● **WHAT YOU HAVE TO DO**
Return the entries verbatim and drop every picture.

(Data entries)
::::::::

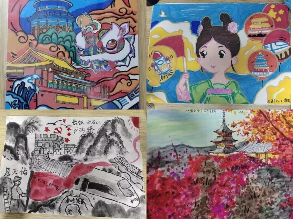 开展“笔系中华 心系华夏”主题绘画比赛。同学们描绘出凝聚爱国热情的绘画作品,用鲜明的色彩展现炽热的爱,参赛作品形式多样,通过画笔绘制出祖国的大好河山。本次绘画比赛展示了同学们的绘画能力和审美意识,提供了展示自我、发挥特长的平台,引导学生主动传承优秀的中华传统文化。
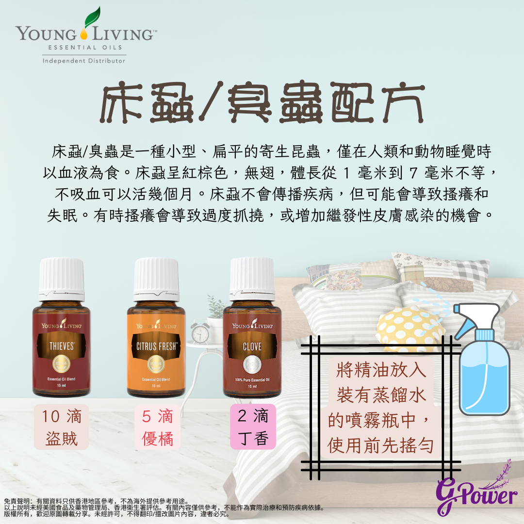 所有精油化合物直接作用於臭蟲時都有效,儘管殺死臭蟲所需的量各不相同。源自牛至和百里香的香芹酚(Carvacrol);百里香酚(thymol,百里香);香茅酸(citronellic acid,檸檬草);和丁香酚(eugenol,丁香)最有效。
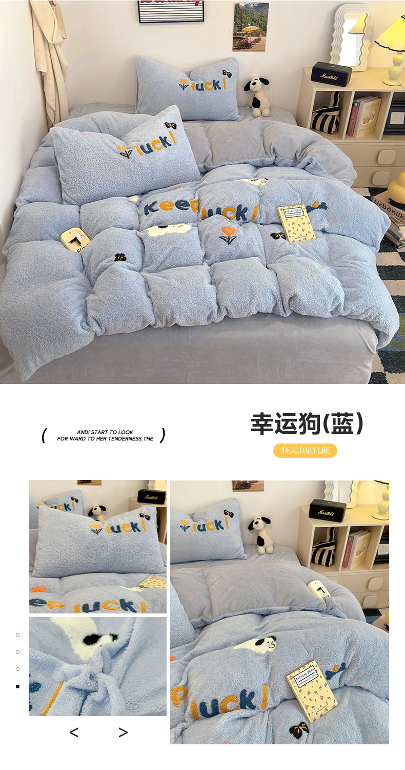 春光里 2024新款泰迪绒230克牛奶绒毛巾绣四件套(提供买家秀) 幸运狗(蓝)
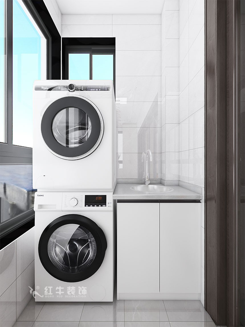 陽(yáng)臺(tái)不只是作為晾曬區(qū),更是作為洗衣房存在,設(shè)計(jì)了洗衣機(jī)、洗手臺(tái),空間利用率很高。
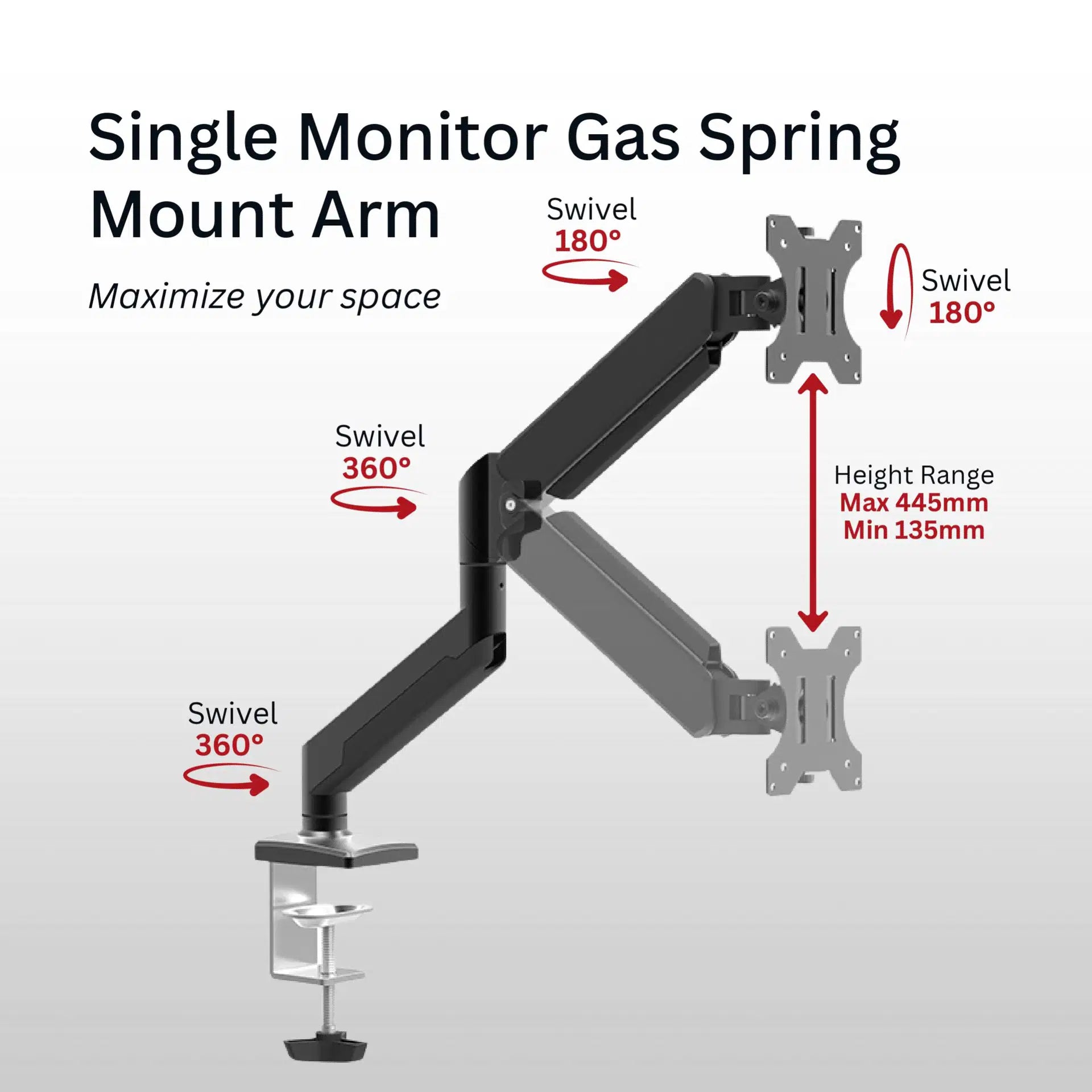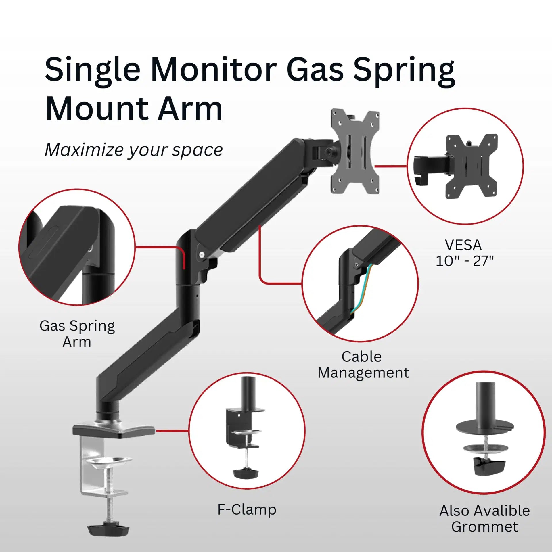 Gas spring Single Monitors Desktop Bracket. Both desk clamp and grommet are included

::::::::

● **SOLUTION FOR THIS EXERCISE**
 开展“笔系中华 心系华夏”主题绘画比赛。同学们描绘出凝聚爱国热情的绘画作品,用鲜明的色彩展现炽热的爱,参赛作品形式多样,通过画笔绘制出祖国的大好河山。本次绘画比赛展示了同学们的绘画能力和审美意识,提供了展示自我、发挥特长的平台,引导学生主动传承优秀的中华传统文化。
 所有精油化合物直接作用於臭蟲時都有效,儘管殺死臭蟲所需的量各不相同。源自牛至和百里香的香芹酚(Carvacrol);百里香酚(thymol,百里香);香茅酸(citronellic acid,檸檬草);和丁香酚(eugenol,丁香)最有效。
 春光里 2024新款泰迪绒230克牛奶绒毛巾绣四件套(提供买家秀) 幸运狗(蓝)
 陽(yáng)臺(tái)不只是作為晾曬區(qū),更是作為洗衣房存在,設(shè)計(jì)了洗衣機(jī)、洗手臺(tái),空間利用率很高。
 Gas spring Single Monitors Desktop Bracket. Both desk clamp and grommet are included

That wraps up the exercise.